Actually nefarious AI applications make for new risks, for instance attempting to influence discourse. We’ve seen what GPT-4 is capable of, but it was an open question whether such a model could create effective persuasive text in a political context. This Stanford study suggests so: When people were exposed to essays arguing a case in issues like gun control and carbon taxes, “AI-generated messages were at least as persuasive as human-generated messages across all topics.” These messages were also perceived as more logical and factual. Will AI-generated text change anyone’s mind? Hard to say, but it seems very likely that people will increasingly put it to use for this kind of agenda.

Examples of text used to see whether AI can be persuasive.

Machine learning has been put to use by another group at Stanford to better simulate the brain — as in, the tissue of the organ itself. The brain is not just complex and heterogeneous, but “much like Jell-O, which makes both testing and modeling physical effects on the brain very challenging,” explained professor Ellen Kuhl in a news release. Their new model picks and chooses between thousands of brain modeling methods, mixing and matching to identify the best way to interpret or project from the given data. It doesn’t reinvent brain damage modeling, but should make any study of it faster and more effective.

Out in the natural world, a new Fraunhofer approach to seismic imaging applies ML to an existing data pipeline that handles terabytes of output from hydrophones and airguns. Ordinarily this data would have to be simplified or abstracted, losing some of its precision in the process, but the new ML-powered process allows analysis of the unabridged dataset.

Image Credits: Fraunhofer

Interestingly, the researchers note that this would ordinarily be a boon to oil and gas companies looking for deposits, but with the move away from fossil fuels, it can be put to more climate-friendly purposes like identifying potential CO2 sequestration sites or potentially damaging gas buildups.

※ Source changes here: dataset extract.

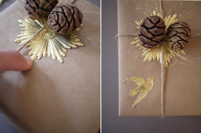 Presents are purchased, gifts are DIY’d, and the only thing left to do is to wrap, wrap, wrap. Beautiful wrapping can be just as special as the gift itself – after all, it sets the deserved anticipation for the wonderful surprise waiting inside, doesn’t it? Today I’ll be showing you how I like to incorporate natural, organic elements atop of brown paper packages tied up with string. Because these are a few of my favorite things . . .
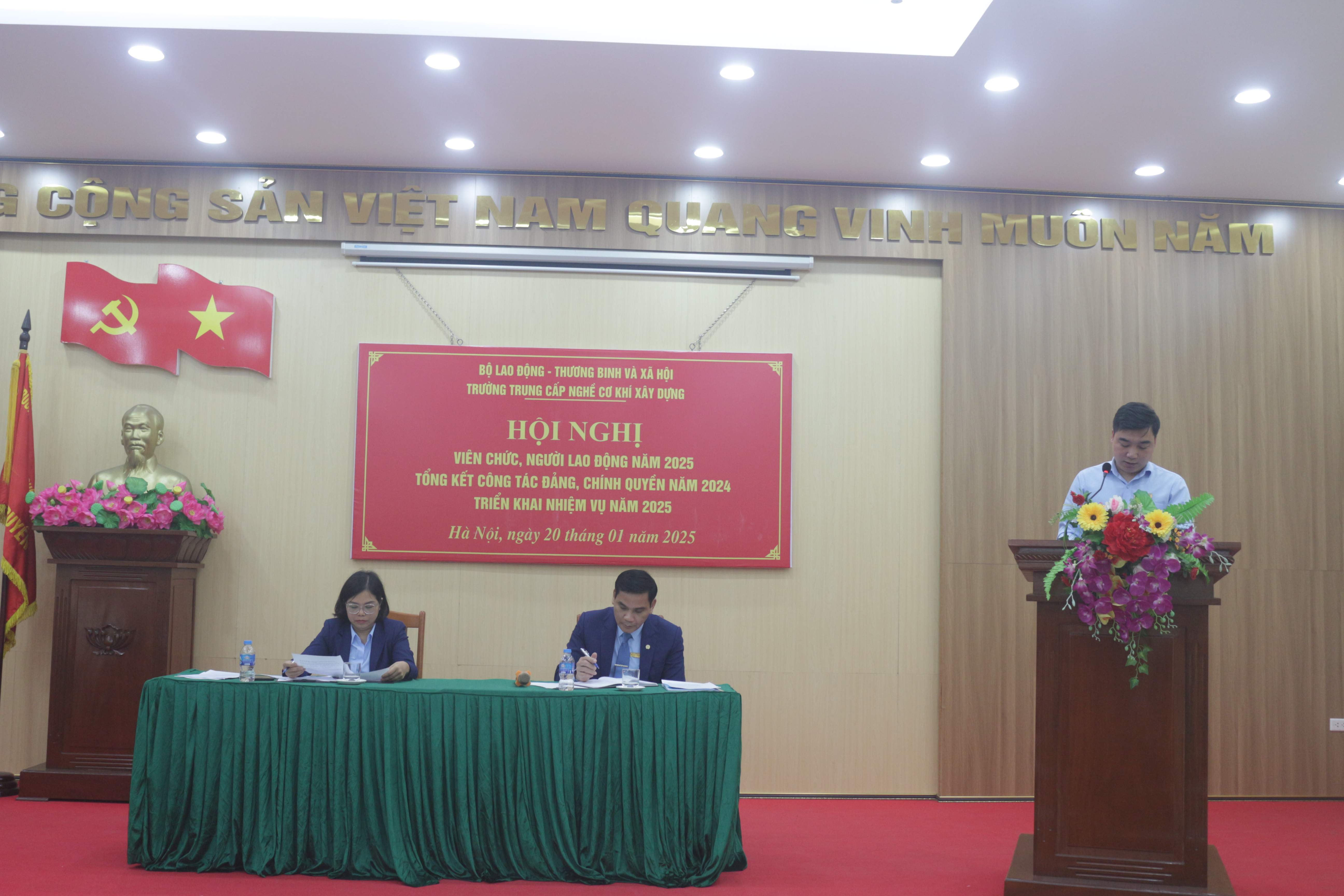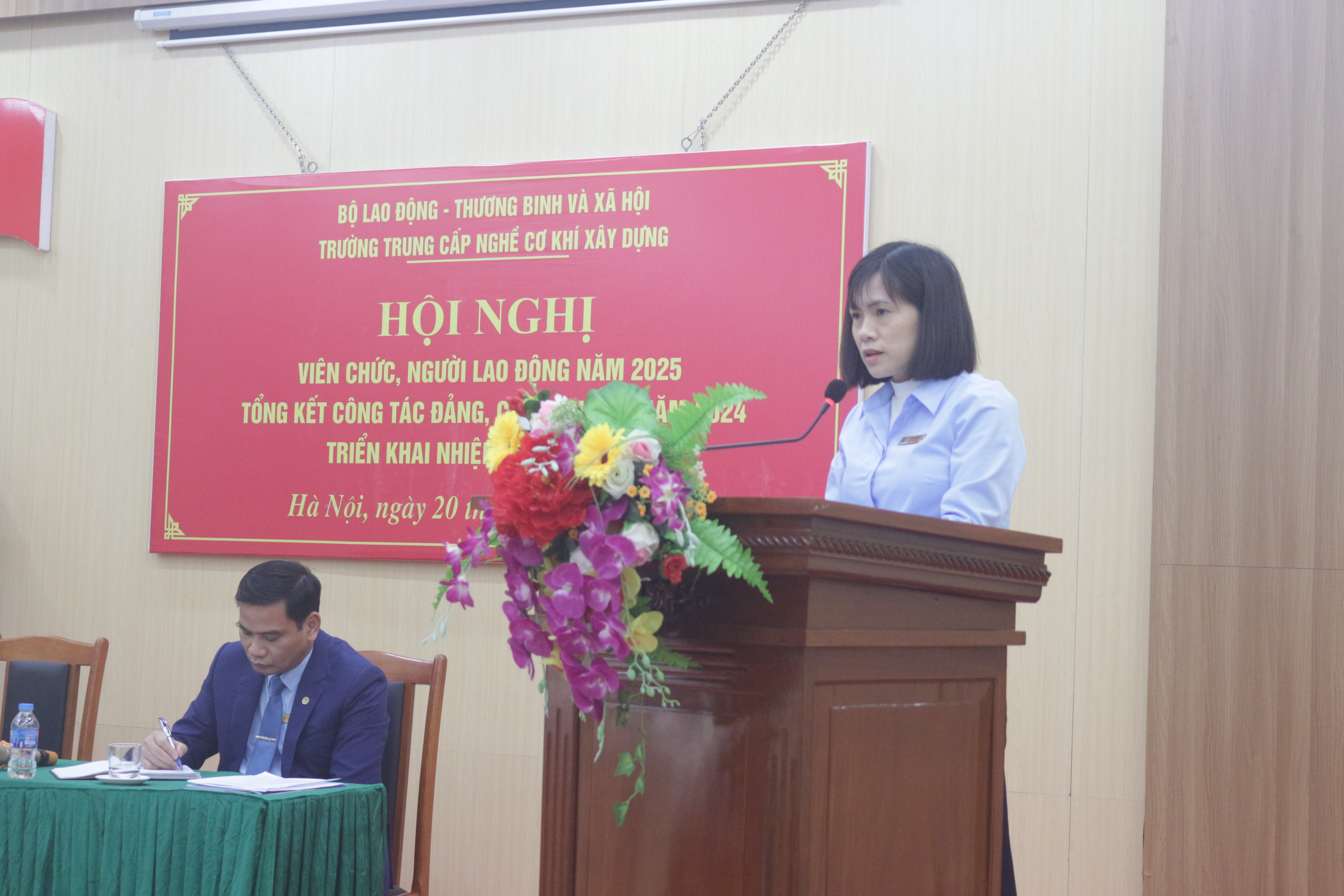 Phát biểu chỉ đạo tại Hội nghị, đồng chí Đỗ Văn Quảng – Phó Chủ tịch Công đoàn Xây dựng Việt Nam ghi nhận và biểu dương những thành tích mà viên chức, người lao động và học sinh nhà trường đã đạt được. Đồng chí cũng tin tưởng với sự quyết tâm, đoàn kết, nỗ lực của tập thể viên chức và người lao động nhà trường, trong năm 2025 Trường sẽ hoàn thành xuất sắc nhiệm vụ được giao. Đoàn Chủ tịch Hội nghị đã nghiêm túc tiếp thu những ý kiến chỉ đạo của đồng chí.

Monitoring forests is another important task for climate and conservation research, and measuring tree size is part of it. But this task involves manually checking trees one by one. A team at Cambridge built an ML model that uses a smartphone lidar sensor to estimate trunk diameter, having trained it on a bunch of manual measurements. Just point the phone at the trees around you and boom. The system is more than four times faster, yet accurate beyond their expectations, said lead author of the study, Amelia Holcomb: “I was surprised the app works as well as it does. Sometimes I like to challenge it with a particularly crowded bit of forest, or a particularly oddly-shaped tree, and I think there’s no way it will get it right, but it does.”

Because it’s fast and requires no special training, the team hopes it can be released widely as a way to collect data for tree surveys, or to make existing efforts faster and easier. Android only for now.

Lastly, enjoy this interesting investigation and experiment by Eigil zu Tage-Ravn of seeing what a generative art model makes of the famous painting in the Spouter-Inn described in chapter 3 of Moby-Dick.